Exercise instructions>
A verbatim copy of all the data is required; the pictures should not appear in it.

Data section>
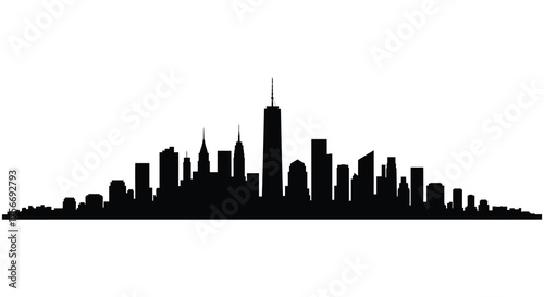 Iconic new york city skyline silhouette against a clean white background showcasing modern architecture and skyscrapers silhouette
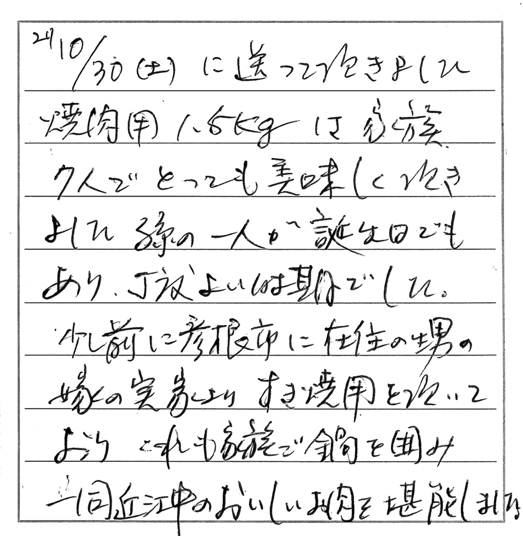 10月30日に送って頂きました焼肉用1.5kgは家族7人でとってもおいしく頂きました。
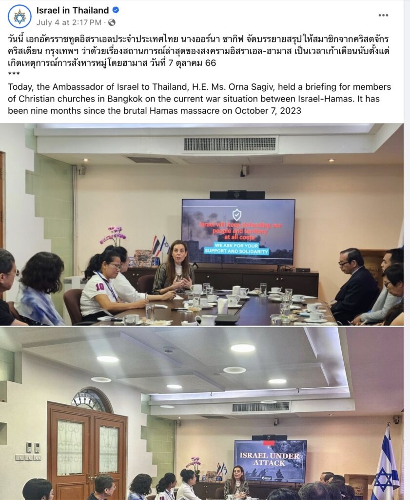 In spite of that, in July, the Israeli ambassador went directly to the Thai-Christian groups to rally their support.
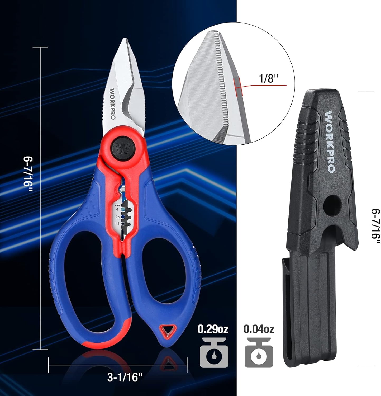 Image: WORKPRO 6.4-inch Electricians Scissors. The scissors feature blue and red ergonomic handles and stainless steel blades with a wire stripping and crimping mechanism near the pivot.

Completed task>
 Iconic new york city skyline silhouette against a clean white background showcasing modern architecture and skyscrapers silhouette
 10月30日に送って頂きました焼肉用1.5kgは家族7人でとってもおいしく頂きました。
 In spite of that, in July, the Israeli ambassador went directly to the Thai-Christian groups to rally their support.
 Image: WORKPRO 6.4-inch Electricians Scissors. The scissors feature blue and red ergonomic handles and stainless steel blades with a wire stripping and crimping mechanism near the pivot.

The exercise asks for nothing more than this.